─── PROVIDED DATA ───

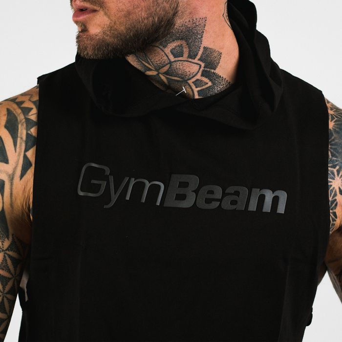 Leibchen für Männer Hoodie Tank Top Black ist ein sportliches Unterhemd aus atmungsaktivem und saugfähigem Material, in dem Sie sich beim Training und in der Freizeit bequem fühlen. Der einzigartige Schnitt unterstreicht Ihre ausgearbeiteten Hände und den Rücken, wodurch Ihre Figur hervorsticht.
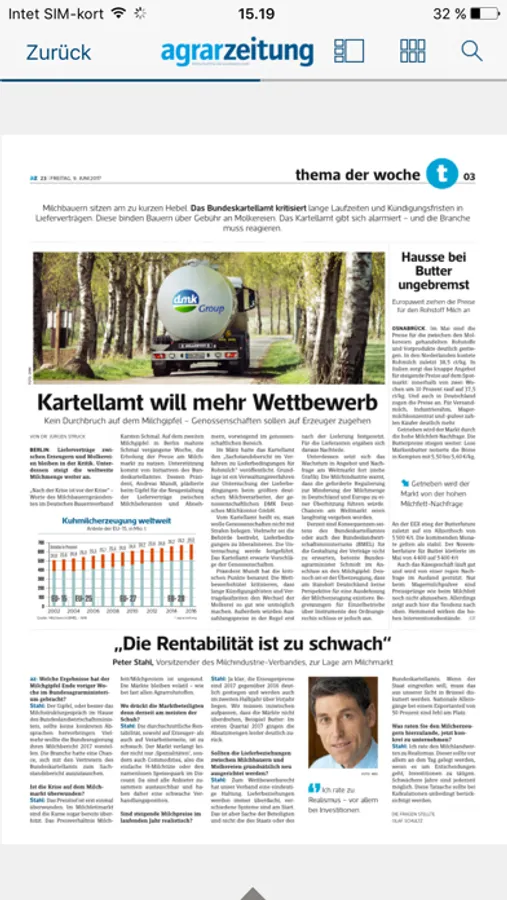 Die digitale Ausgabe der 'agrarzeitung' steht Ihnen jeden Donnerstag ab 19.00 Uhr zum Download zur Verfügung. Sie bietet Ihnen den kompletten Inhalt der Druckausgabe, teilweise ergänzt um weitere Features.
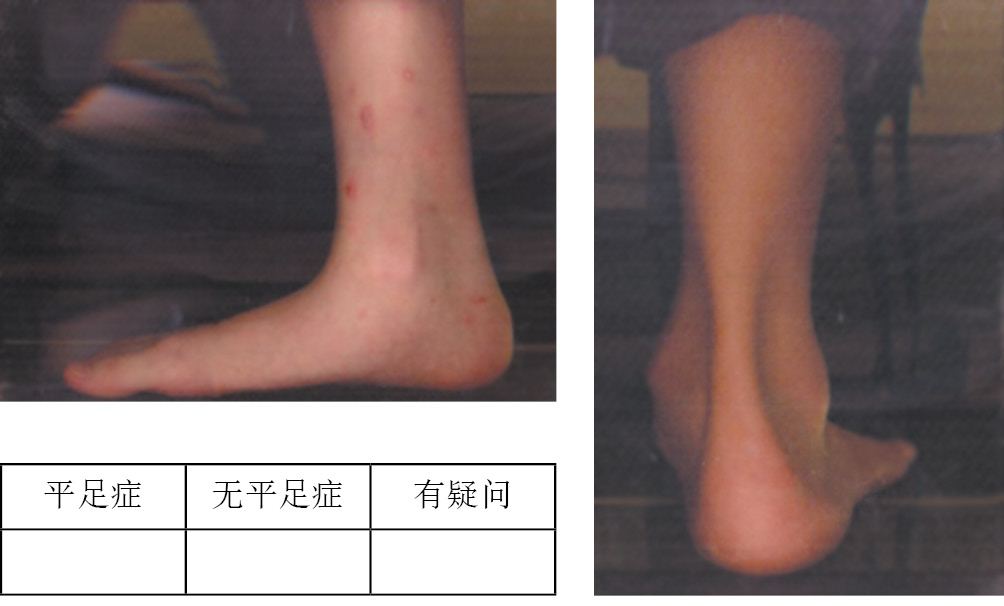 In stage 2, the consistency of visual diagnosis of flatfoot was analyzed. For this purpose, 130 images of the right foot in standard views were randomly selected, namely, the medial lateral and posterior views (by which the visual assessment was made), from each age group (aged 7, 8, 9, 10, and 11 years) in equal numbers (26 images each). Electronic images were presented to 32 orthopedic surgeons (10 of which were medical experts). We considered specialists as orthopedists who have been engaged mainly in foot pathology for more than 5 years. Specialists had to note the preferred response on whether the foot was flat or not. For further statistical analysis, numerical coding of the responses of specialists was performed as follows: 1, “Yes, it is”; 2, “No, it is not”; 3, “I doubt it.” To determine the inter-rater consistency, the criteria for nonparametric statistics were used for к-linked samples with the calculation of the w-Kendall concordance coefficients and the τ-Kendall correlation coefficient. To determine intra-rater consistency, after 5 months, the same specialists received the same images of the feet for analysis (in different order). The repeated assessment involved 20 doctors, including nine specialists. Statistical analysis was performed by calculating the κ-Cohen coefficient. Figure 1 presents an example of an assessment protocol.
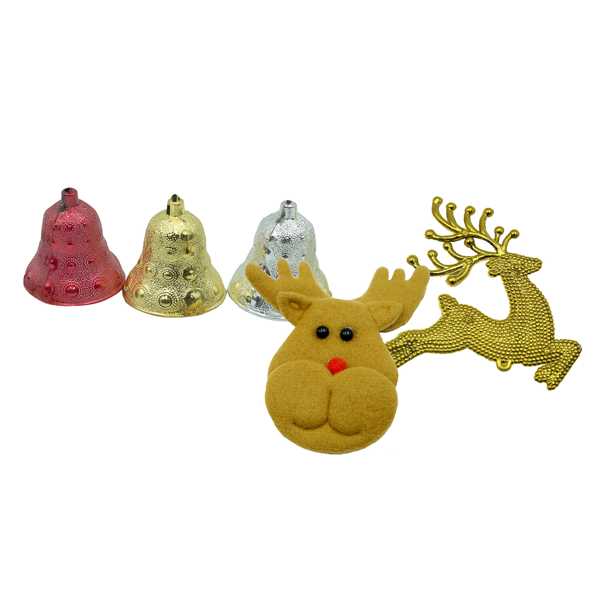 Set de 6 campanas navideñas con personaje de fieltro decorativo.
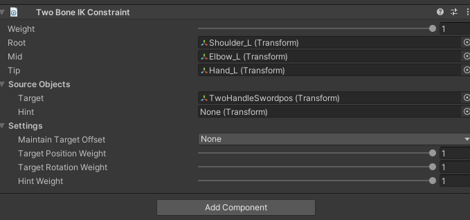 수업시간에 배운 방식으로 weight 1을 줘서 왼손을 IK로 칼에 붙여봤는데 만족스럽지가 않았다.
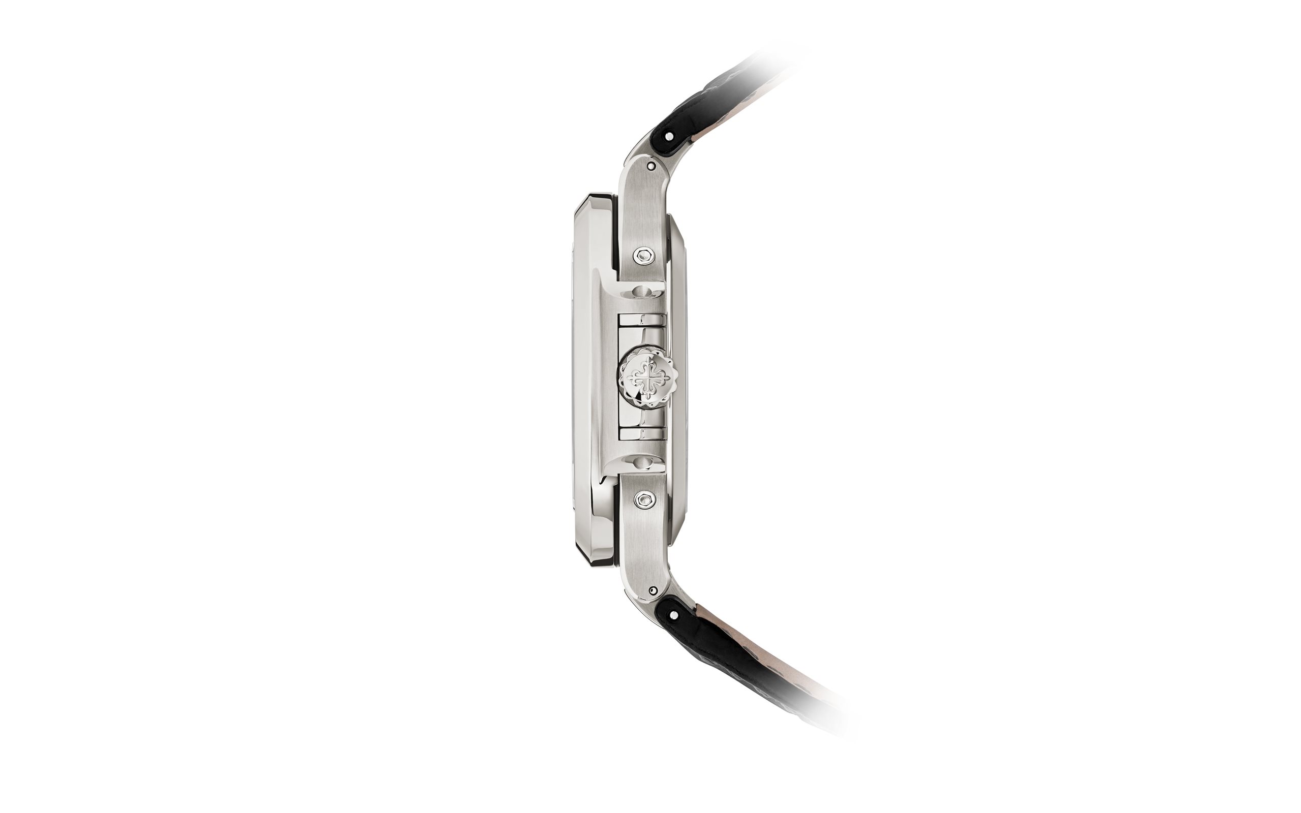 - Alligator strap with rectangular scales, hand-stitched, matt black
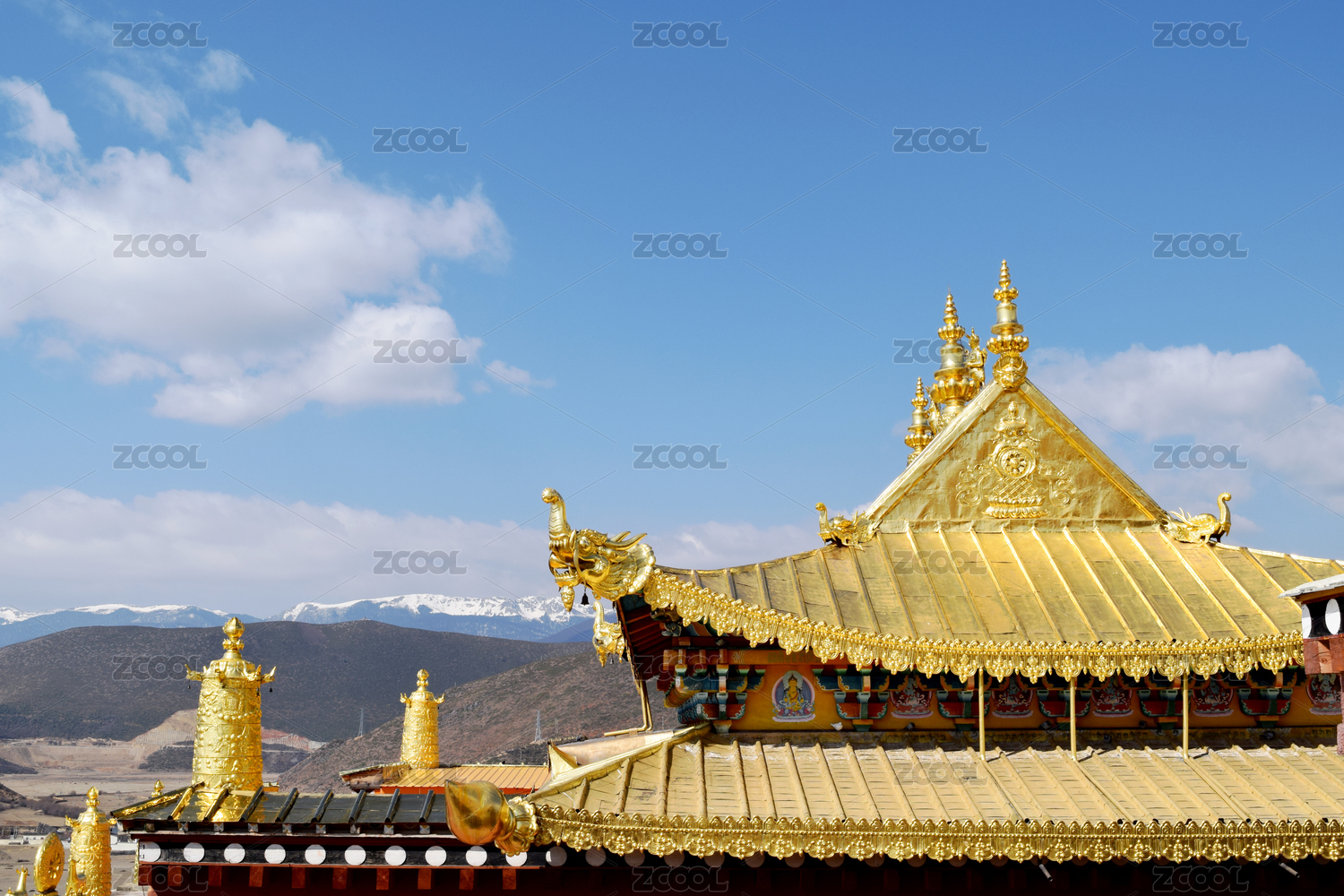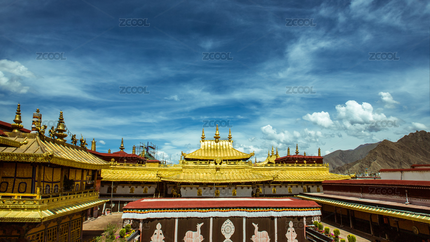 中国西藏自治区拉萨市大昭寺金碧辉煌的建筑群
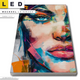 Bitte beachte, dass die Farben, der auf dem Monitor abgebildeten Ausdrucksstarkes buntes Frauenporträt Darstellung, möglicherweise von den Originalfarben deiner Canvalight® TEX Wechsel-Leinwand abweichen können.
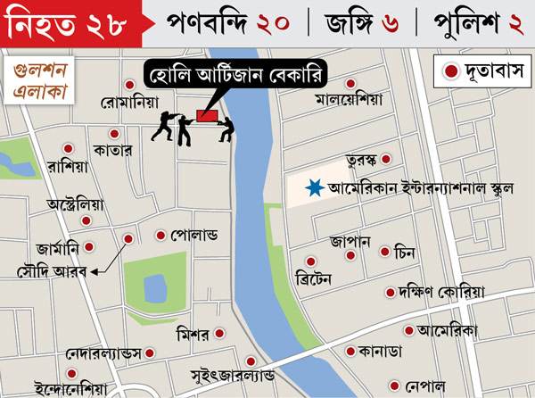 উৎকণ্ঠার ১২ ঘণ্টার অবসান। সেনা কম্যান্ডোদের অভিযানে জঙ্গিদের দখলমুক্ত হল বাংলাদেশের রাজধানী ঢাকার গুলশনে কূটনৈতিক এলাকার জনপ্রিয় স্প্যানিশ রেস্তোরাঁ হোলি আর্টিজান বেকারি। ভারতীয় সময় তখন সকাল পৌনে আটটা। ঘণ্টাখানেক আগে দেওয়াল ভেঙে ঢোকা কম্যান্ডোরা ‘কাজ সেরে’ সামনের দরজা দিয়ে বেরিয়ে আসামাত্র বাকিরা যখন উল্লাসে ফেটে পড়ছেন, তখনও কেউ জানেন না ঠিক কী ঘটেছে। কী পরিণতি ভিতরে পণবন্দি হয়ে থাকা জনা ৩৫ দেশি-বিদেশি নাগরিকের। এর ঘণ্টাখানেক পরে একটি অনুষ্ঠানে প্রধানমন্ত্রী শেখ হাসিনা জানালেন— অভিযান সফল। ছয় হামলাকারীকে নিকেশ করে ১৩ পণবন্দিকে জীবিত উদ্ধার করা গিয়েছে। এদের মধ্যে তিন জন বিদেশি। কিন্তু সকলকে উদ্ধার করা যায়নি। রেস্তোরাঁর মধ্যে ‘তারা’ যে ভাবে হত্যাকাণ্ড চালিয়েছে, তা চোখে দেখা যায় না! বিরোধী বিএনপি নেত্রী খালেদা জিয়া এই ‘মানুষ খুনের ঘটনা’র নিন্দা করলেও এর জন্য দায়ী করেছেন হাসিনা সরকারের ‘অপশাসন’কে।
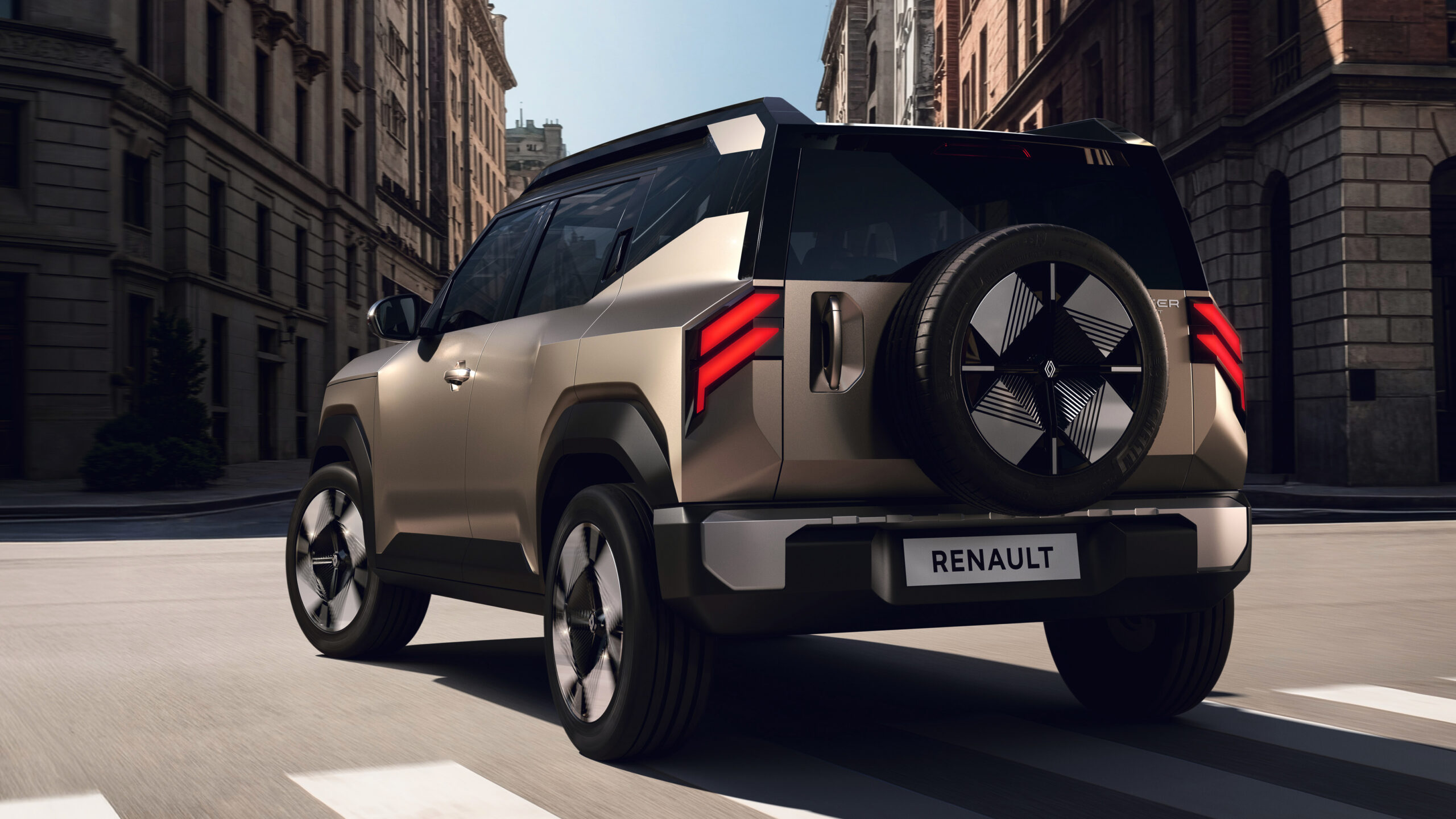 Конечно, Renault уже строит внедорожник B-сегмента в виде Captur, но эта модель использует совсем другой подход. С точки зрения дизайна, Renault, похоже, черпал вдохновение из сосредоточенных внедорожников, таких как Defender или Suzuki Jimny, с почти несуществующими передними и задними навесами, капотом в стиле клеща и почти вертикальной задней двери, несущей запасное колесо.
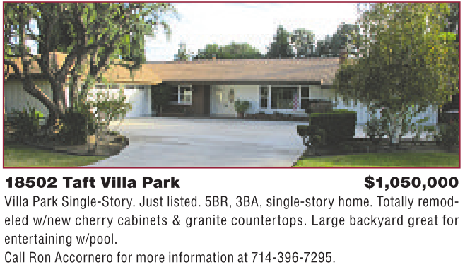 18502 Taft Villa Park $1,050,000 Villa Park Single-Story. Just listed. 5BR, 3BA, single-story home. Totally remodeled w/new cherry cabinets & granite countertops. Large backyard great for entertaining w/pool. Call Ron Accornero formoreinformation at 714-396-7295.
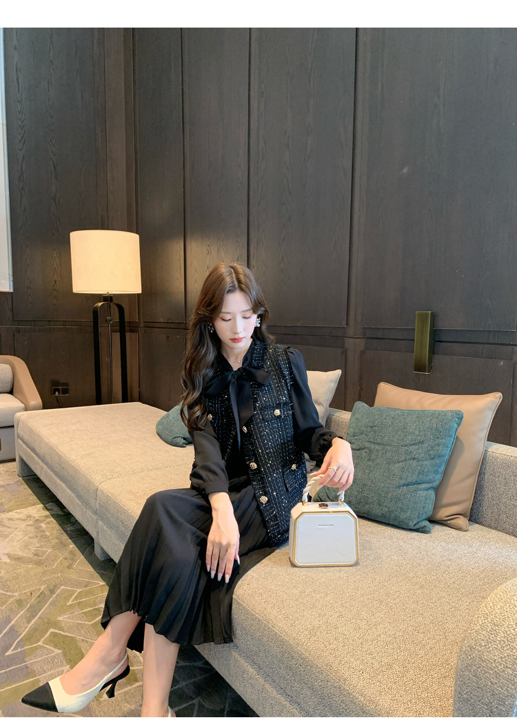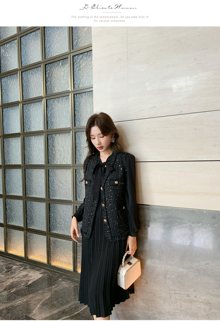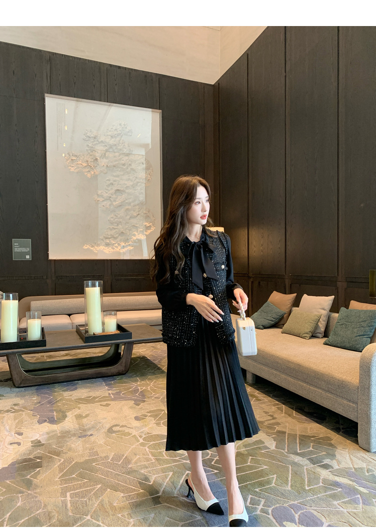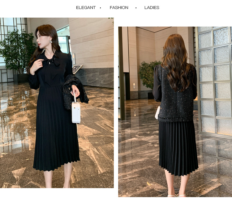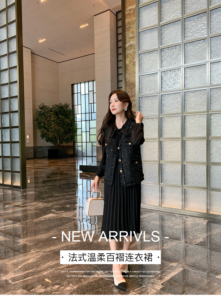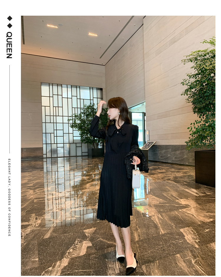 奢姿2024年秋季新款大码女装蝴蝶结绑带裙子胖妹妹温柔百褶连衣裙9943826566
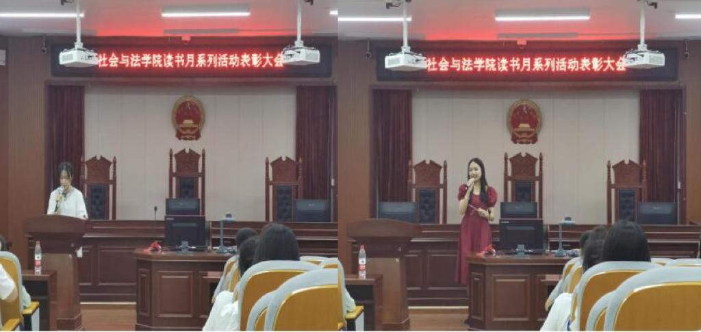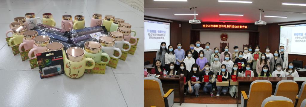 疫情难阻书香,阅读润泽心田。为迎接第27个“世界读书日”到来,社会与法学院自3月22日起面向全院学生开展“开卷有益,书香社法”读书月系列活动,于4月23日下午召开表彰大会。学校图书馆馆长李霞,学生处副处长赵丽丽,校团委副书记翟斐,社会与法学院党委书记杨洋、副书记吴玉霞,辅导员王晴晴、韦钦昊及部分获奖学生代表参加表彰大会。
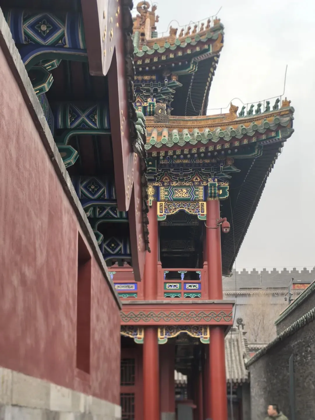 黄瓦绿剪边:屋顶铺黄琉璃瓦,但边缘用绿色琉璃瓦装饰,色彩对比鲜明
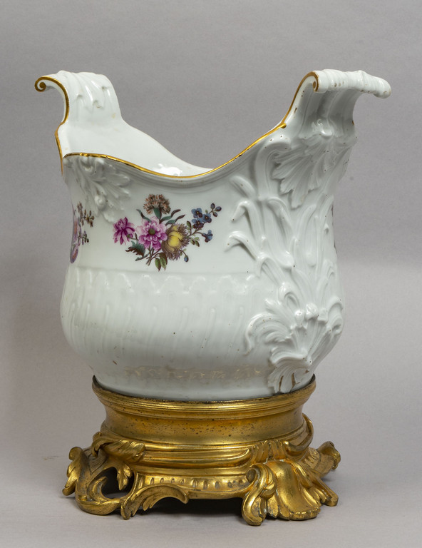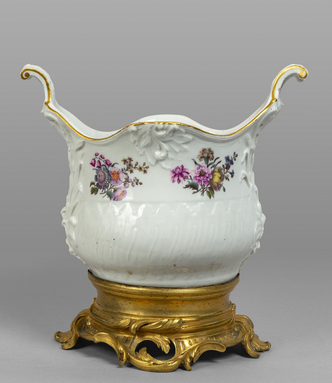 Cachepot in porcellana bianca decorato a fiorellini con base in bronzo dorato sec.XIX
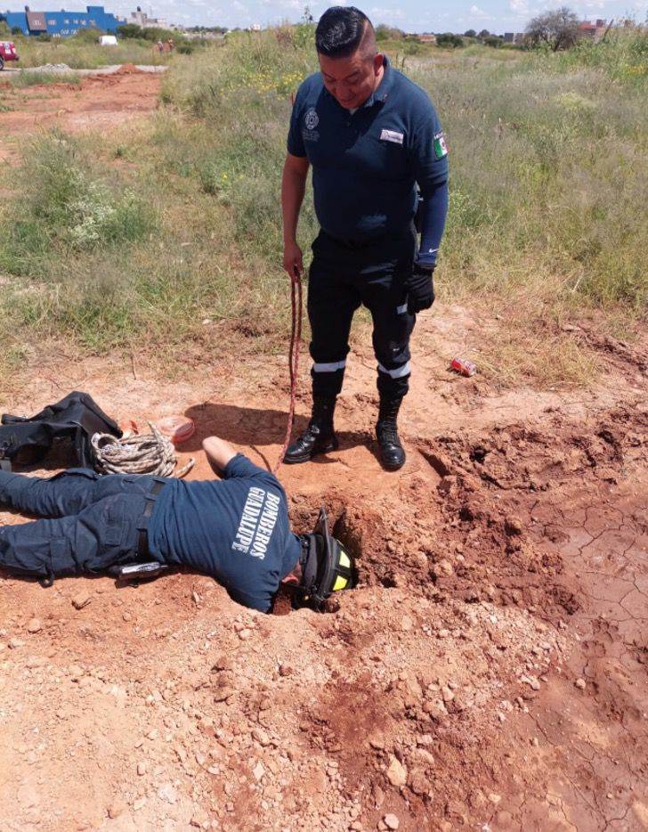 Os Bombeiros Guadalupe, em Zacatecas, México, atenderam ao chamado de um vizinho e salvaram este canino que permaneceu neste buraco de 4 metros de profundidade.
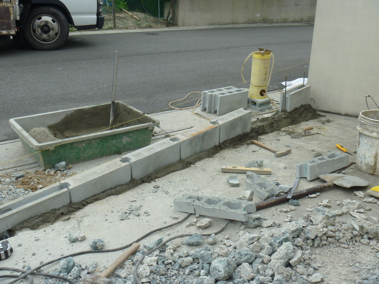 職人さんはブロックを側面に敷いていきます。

───

● **INSTRUCTIONS FOR THE TASK**: Would you output only the span of the records above that opens with the line containing "Set de 6 campanas" and closes with the line containing "Bitte beachte, dass", ends included and pictures dropped?

● **RESULT OF THIS TASK**:
 Set de 6 campanas navideñas con personaje de fieltro decorativo.
 수업시간에 배운 방식으로 weight 1을 줘서 왼손을 IK로 칼에 붙여봤는데 만족스럽지가 않았다.
 - Alligator strap with rectangular scales, hand-stitched, matt black
 中国西藏自治区拉萨市大昭寺金碧辉煌的建筑群
 Bitte beachte, dass die Farben, der auf dem Monitor abgebildeten Ausdrucksstarkes buntes Frauenporträt Darstellung, möglicherweise von den Originalfarben deiner Canvalight® TEX Wechsel-Leinwand abweichen können.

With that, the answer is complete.